Chris' 1994  R100GS/PD ULTIMATE JOURNEY Erin's 1997  F650

Living a Dream . . . 2 Live-N-Ride

October 20

After 5 Months, a little reflection ...
-- Story by Chris --

We've been on the road for 5 months now -- Where has the time gone?!  Back home, friends got married, others had babies, some got new jobs, and a few even moved.  It's brought us closer to family, and we've made a lot of new friends.  I can't imagine the changes a full 18 months will bring, let alone another 7 months.

For me, the past 5 months have been fun, interesting, and sometimes work -- yes, work.  Although we're not employed or generating income, we haven't been sitting on a beach every day, sipping Margaritas -- Well, not every day.  For each country we visit there are so many things to do and see, we barely have time to write our journal entries.

Traveling is exciting as there are so many experiences to stimulate the senses, but there is a finite amount of time -- For us, when the money runs out, the trip is over.  Our biggest mistake so far, I think, is our aggressive itinerary.  When you think about taking off a year, or year and a half, from work it sounds like an incredibly long period of time.   Now, take out a world map, look at all the countries you would want to visit, and you are left with only a maximum of 2 weeks in most countries.  Imagine, two weeks to see an entire country!   Unlike a typical 2 week vacation, for a big trip, I would recommend less destinations and more quality time within a destination.

All of their culture is distributed throughout many areas within the country.  A visit to one or two major cities will only give you a glimpse of the culture and history.  In Europe, we've seen historic sights from the B.C. era right through the 20th century.  Wars have affected the cultures and sometimes changed the landscape.  With countries sharing multiple borders, major cultural and economic differences can sometimes be only a few miles away.  Our goal now is to reduce the number of places we visit and to spend more time in those areas.

We have been pretty lucky so far with our safety, motorcycles, experiences, and especially with the people we meet.  We've been successful obtaining documents and crossing borders, but as we're leaving the European Communities, we've noticed a slight change.  "Pay-offs" (corruption may be too strong a word) have become more common, and getting proper documentation and border crossings will become harder as we move through India and Southeast Asia.

When we started this adventure, we didn't know what to expect.  We are still fairly new to the game, but we've learned a thing or two so far, and we're getting accustomed to the routine of traveling.  My fears of life on the road have been replaced with fears of "afterwards" -- so I won't dwell on this now.

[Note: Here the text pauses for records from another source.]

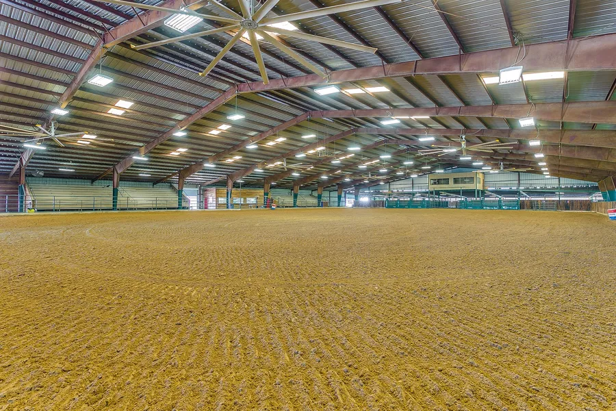The arena complex is an approximately 200 x 400 (80,000 sq. ft.) building and is of metal construction. It features a 140 x 240 arena of pipe construction. The arena has 6 Priefert bucking chutes, and Priefert roping chutes. There are two announcers stands (one on each end of the arena), multiple livestock holding pens with automatic waters, cattle load out for semi-truck or gooseneck trailers and 6 Big Ass Fans. There is stadium seating for approximately 800 people along the north side of the arena, fans over the stands and a large concession stand with commercial appliances. Both sides of the arena are concreted. There are two rows of 12 x 12 box stalls (total of 63 stalls) with concrete alley ways on the east end of the building. There are heated and cooled mens and womens restrooms with showers. Along the south side of the arena, there are nine (9) 20 x 20 box stalls with a roll up garage door in each stall and automatic waters, a large wash rack with hot and cold water, and a large tack room. On the west end of the building there is a two-story retail store space that is approximately 10,000 sq. ft., heated and cooled. It is currently used to sell saddles and tack.
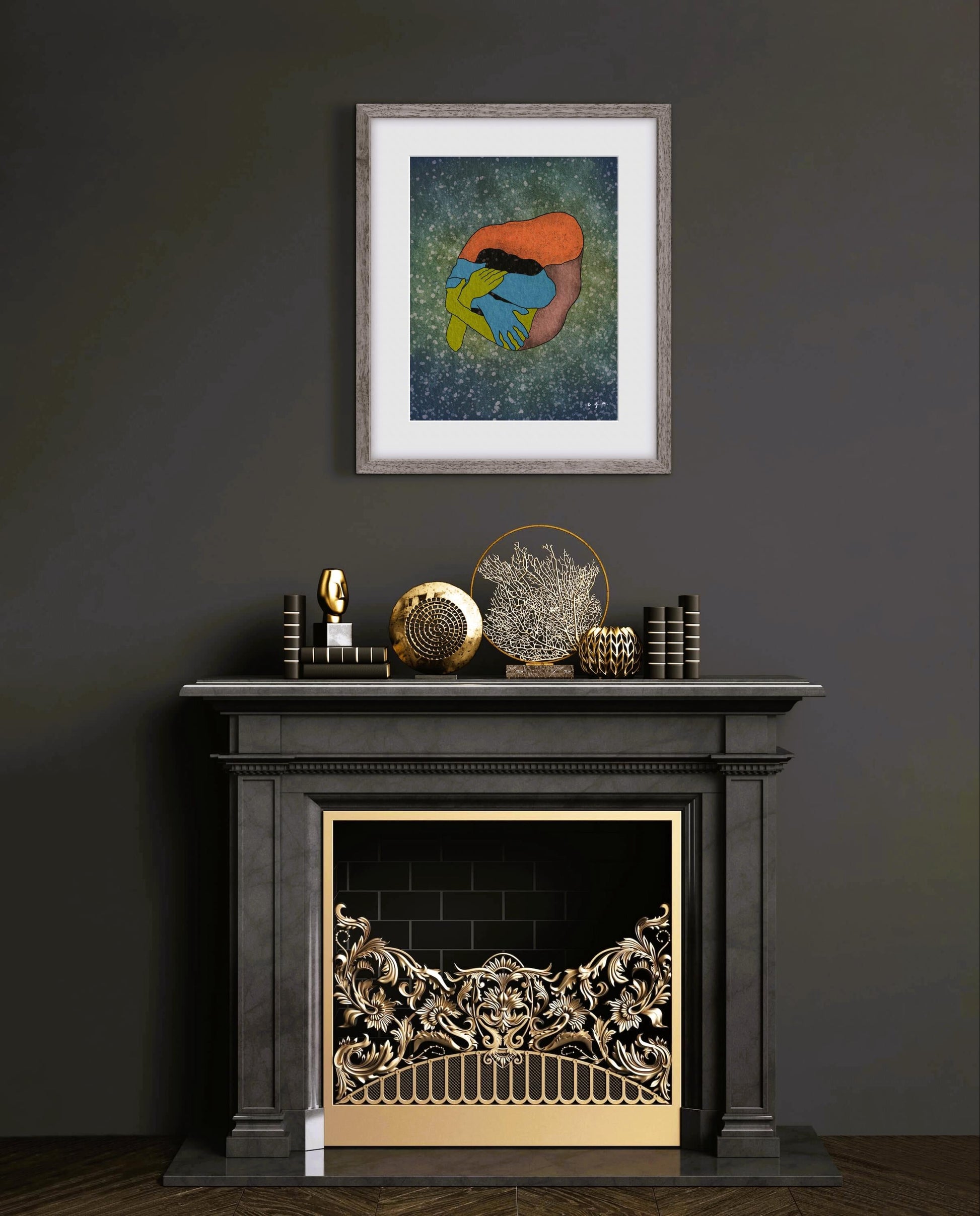 Abstract Love Art Print, Embracing Couple Illustration, Intimacy and Connection, Emotional Wall Art
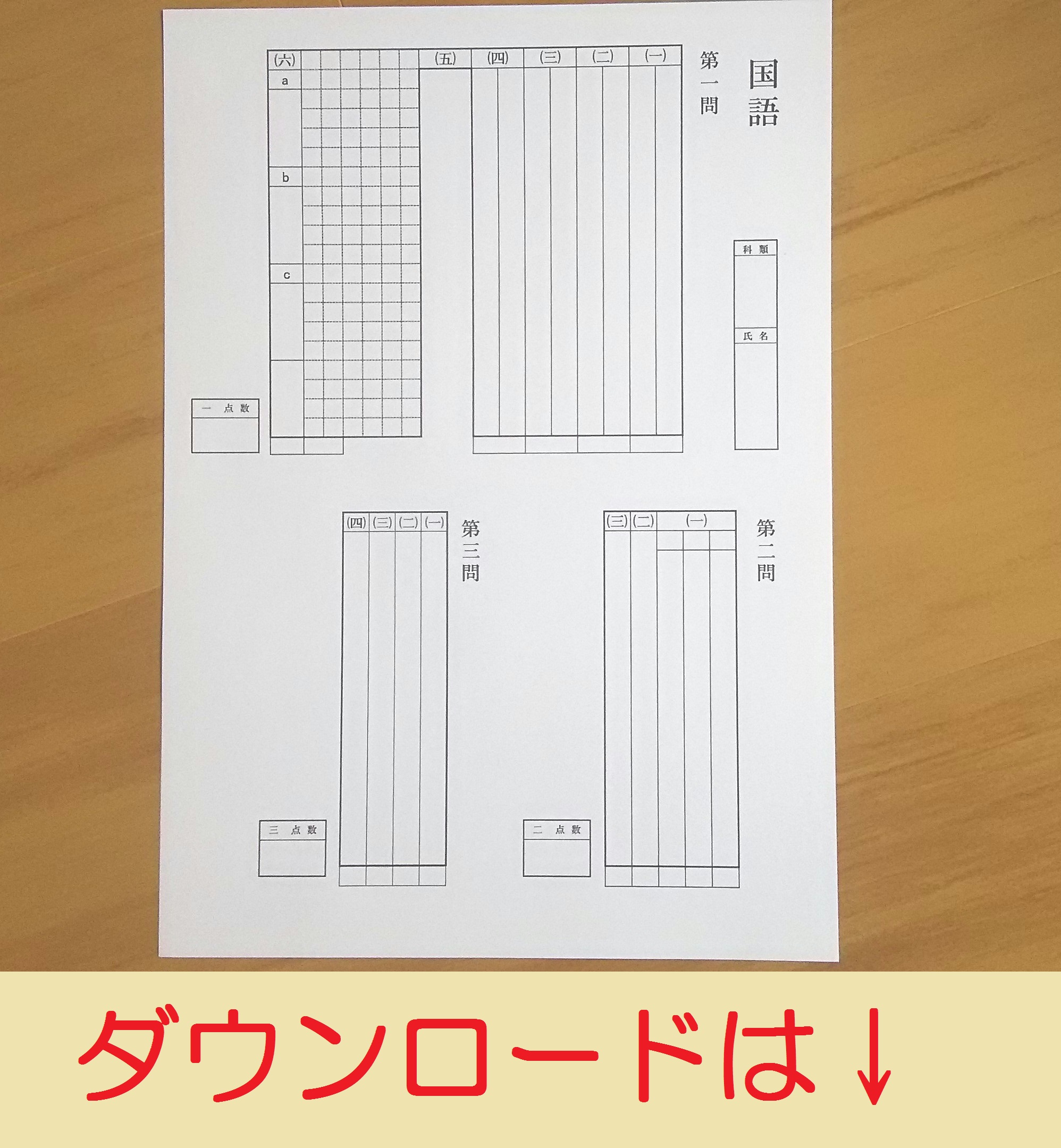 ホーム弱小公立から東大へ 【DL可】東大理系国語解答用紙 2017年3月18日2022年1月16日 SHARE ツイート シェア はてブ LINE Pocket 東大模試や東大赤本用に、東大国語(理系)の解答用紙作った。 東大君によると、本番は1枚で全部まとまってた、古文漢文はそんなにスペースがない、 解答ちょうどぐらい、ってことやったから、ちょっとちまっとした感じに。 東大理系国語解答用紙ダウンロード A3で印刷で。 東大国語でやること に戻る 2017年3月18日【DL可】東大英語解答用紙 2017年3月18日【DL可】東大理系国語解答用紙 2017年3月18日【DL可】東大物理解答用紙、東大化学解答用紙 2017年3月8日【DL可】東大理系数学解答用紙

I guess the biggest thing I've learned is to not get hung up on the little things, like I used to:  What's done is done, and if you can't do anything about it, then just move on.  There's always another day.   Our biggest problems so far have been technology:  internet connections; digital camera discs failing; and Palm Pilot issues.  We've gotten used to the fact that our ability to check/send emails from our laptop is not always guaranteed, that loading website updates may not always work, and that readers will understand.  If things break or need to be fixed, there may not always be a simple solution and we just have to adapt to the situation.  These are not life threatening issues, and there's always tomorrow.

. . .  and these are my rambling thoughts after 5 months on the road.